Lighting Up the World With a One-of-a-Kind Tesla

With a 15,000-lumen projector onboard, this Model S throws shade on nefarious players by blasting images of endangered animals onto their buildings.

In its stock form, the Tesla Model S is one of the cooler cars you can buy today. It's fully electric, drives up to 300 miles on a charge, and sprints to 60 mph in a gut-obliterating 2.8 seconds. Its sleek silhouette and avant garde interior are undeniably sexy.

But the suave silence of a battery powered car isn't the best tool for shaming American corporations whose business practices are allegedly hurting endangered species you care about. That's why Louie Psihoyos, director of the Academy Award-winning documentary The Cove, needed a special Tesla for his new film.

For Racing Extinction, which premieres on the Discovery Channel Wednesday evening, Psihoyos and his crew rigged up a Model S with an "electo-luminescent" paint job that makes it light up in the dark.
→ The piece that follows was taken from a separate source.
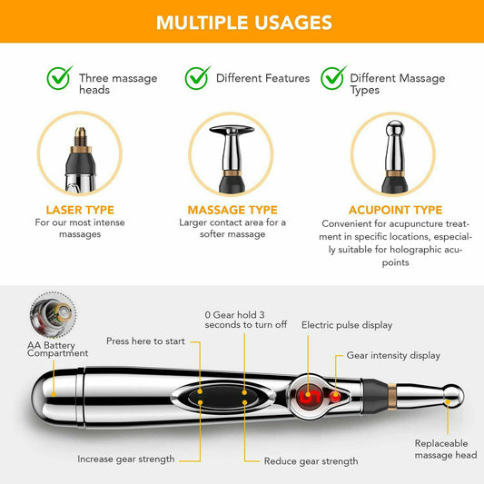 9 Gears Electronic Acupuncture Pen Pain Relif Therapy Massage Pen Meridian Health Care Neck Massage Body Relax Therapy Acupuncture Electronic Pen Meridian Energy Heal Massage Pain Relief

An infrared FLIR camera with a filter to spot CO2 emissions pops out of the hood like a machine gun on a James Bond Aston Martin.

The coolest tool in this Tesla's armory is the 15,000-lumen projector. Sitting on a retractable steel frame that extends out the (no longer there) back window, it throws shade on nefarious players by blasting images of endangered animals onto their buildings.